The growing demand for fast, contactless deliveries has driven firms to experiment with automated package-delivery vehicles that can avoid urban traffic and rapidly reach customers.
Widespread adoption of uncrewed aerial vehicles (UAVs) to replace a portion of first/last-mile truck pickups and deliveries could reshape transportation energy by changing demand patterns and shifting fuel use from fossil fuels to electricity.
There is a need to optimize drones and systems to maximize energy productivity. In a new paper in Patterns, researchers help stakeholders and researchers understand the energy use of parcel-delivery drones and provide an open model based on 188 delivery-drone flights with a range of payloads, speeds, and altitudes.
The model shows that an electric quadcopter drone with a tiny parcel (0.5 kg) would consume approximately 0.08 MJ/km, resulting in 70 g of CO2 per parcel in the United States. The researchers compare drone delivery with other vehicles and show that energy per parcel delivered by drones (0.33 MJ/package) can be up to 94% lower than conventional transportation modes, with only electric cargo bicycles providing lower GHGs/package.
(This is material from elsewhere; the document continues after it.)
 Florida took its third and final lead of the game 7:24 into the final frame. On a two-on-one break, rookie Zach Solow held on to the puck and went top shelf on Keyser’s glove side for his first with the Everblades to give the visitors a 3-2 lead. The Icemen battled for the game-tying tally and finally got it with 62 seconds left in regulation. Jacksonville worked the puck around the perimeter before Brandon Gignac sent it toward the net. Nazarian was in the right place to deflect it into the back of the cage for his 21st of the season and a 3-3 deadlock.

The open model and coefficients can assist stakeholders in understanding and improving the sustainability of small parcel delivery.
The researchers show the impact of the cruise speed and payload mass on the drone’s range, provide generalizable coefficients for others to estimate drone energy use, and show that the energy per parcel delivered by drones can be up to 94% lower than conventional transportation modes.
The researchers use a 2.4 kg drone with up to 0.5 kg payloads. In contrast, the current Wing drone weighs 5.2 kg with a payload of 1.2 kg, and Amazon’s latest design weighs about 38 kg with a payload of 2.2 kg. Thus, the results for very small package delivery do not reflect the energy and environmental savings for the typical home-delivery setting with heavier payloads and larger drones.